▸ **Goal of the exercise**
Below are entries; repeat exactly, and nothing else, the lines from the one holding "The Doom Hunter" through the one holding "图3. 不同Zn固溶比例下系", inclusive. Leave the pictures out.
BEGIN Data extracts
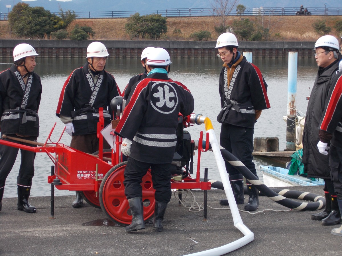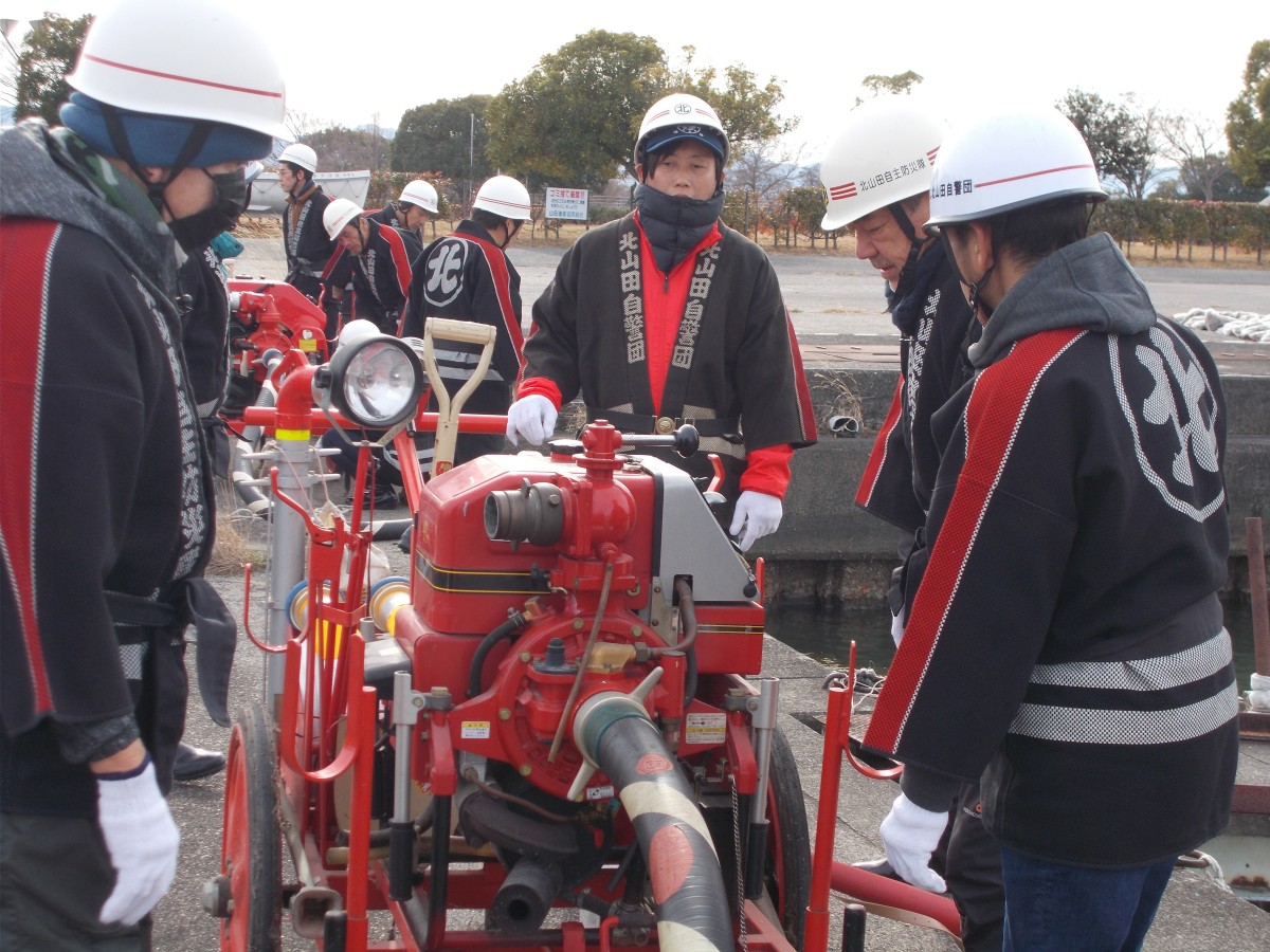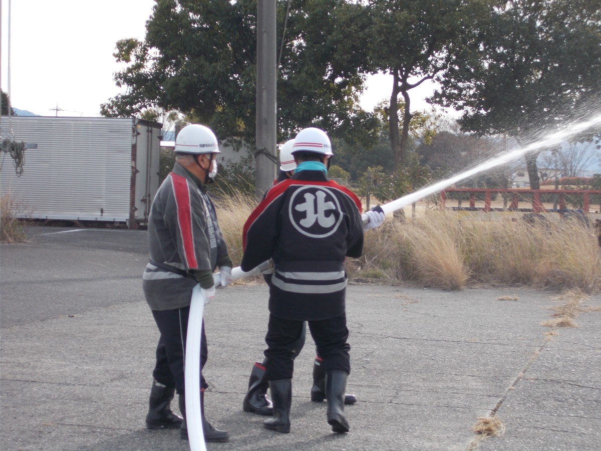この訓練は、火災の発生直後における初期段階での鎮圧が重要であるため、秋の防災訓練時と出初式に行っているものです。
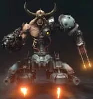 The Doom Hunter is a new type of enemy introduced in Doom Eternal. It is a cybernetic demon from an ancient line known as the "Agaddon Hunters," creatures that were native to Earth in prehistoric times. During the Hellish invasion of Earth, UAC cultists discovered the Agaddon Hunter remains and excavated them.
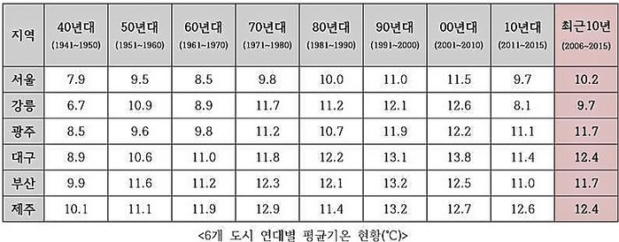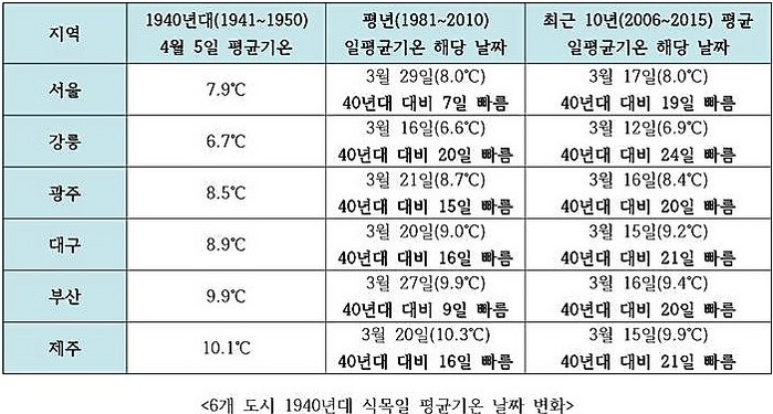 6개 도시의 2월부터 4월까지의 일평균기온을 최근 10년간 평균 내 분석한 결과, 일평균기온 6.5℃를 기록하는 시점이 평년보다 더 빨라지고 있다.
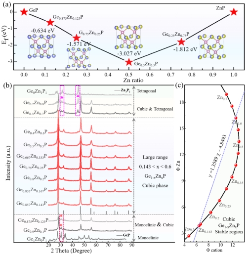 图3. 不同Zn固溶比例下系列Ge1−xZnxP固溶体的计算形成能(a),XRD图谱(b)及阳离子势(c)。
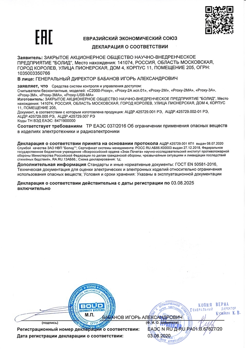 Считыватель бесконтактный для работы с идентификаторами формата MIFARE, EM-Marin, а также картами HID ProxCard II; интерфейс подключения Wiegand-26/37/44, Touch Memory, RS-232, ABA TRACK II; расстояние считывания 6...12 см; U-пит.8...15 В, I-потр. 0,2 А; IP20, t-раб.-25...+60°С, габ.размеры 143х71х25 мм. Накладной.
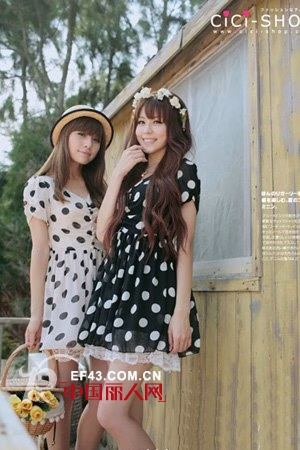 日本VIVI杂志水玉波点雪纺连衣裙!
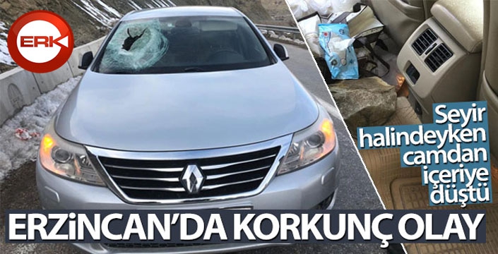 ERKHABER / ERZURUM - Erzincan- Kemah kara yolu Cebesoy mevkiinde meydana gelen olayda, yol kenarındaki yamaçtan koparak yuvarlanan kaya parçası, Muharrem Kurnaz'ın kullandığı 34 VP 2293 plakalı otomobilin ön camını kırarak içeri girdi. Ön koltukta otururken başına taş isabet eden Kemah Gülbahçe köyü Muhtarı Doğu Karabuğa (37) yaralandı.
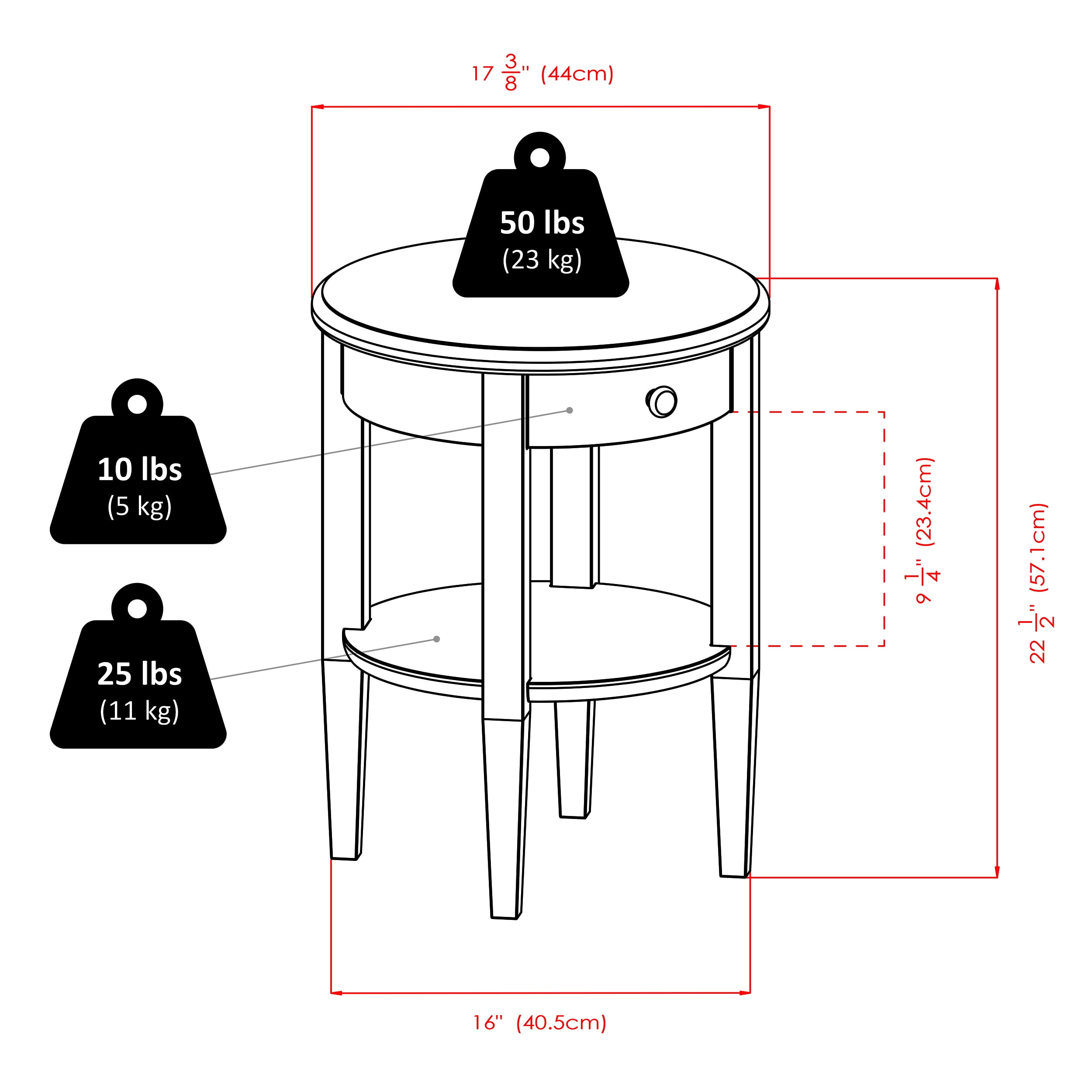 Winsome Wood Concord Accent Table with Drawer and Shelf, Walnut Finish: Classic style Concord collection Accent/ end table with drawer and shelf Overall assembled dimensions: 17.32″W x 17.32″D x 22.48″H Walnut finish Drawer (interior) dimensions: 5.91″W x 9.65″D x 2.83″H Shelf diameter: 14.96″ Clearance under shelf: 9.21″ (measured from the apron to shelf) Constructed of beech wood and veneer Item weight: 17.64 lbs Arrives in 1 box Box dimensions: 19″W x 23.5″L x 8.5″H Shipping weight: 22.5 lbs Assembly is required Replacement parts within 60 days from date of purchase Model #94217
END Data extracts
▸ **Answer box**
 The Doom Hunter is a new type of enemy introduced in Doom Eternal. It is a cybernetic demon from an ancient line known as the "Agaddon Hunters," creatures that were native to Earth in prehistoric times. During the Hellish invasion of Earth, UAC cultists discovered the Agaddon Hunter remains and excavated them.
 6개 도시의 2월부터 4월까지의 일평균기온을 최근 10년간 평균 내 분석한 결과, 일평균기온 6.5℃를 기록하는 시점이 평년보다 더 빨라지고 있다.
 图3. 不同Zn固溶比例下系列Ge1−xZnxP固溶体的计算形成能(a),XRD图谱(b)及阳离子势(c)。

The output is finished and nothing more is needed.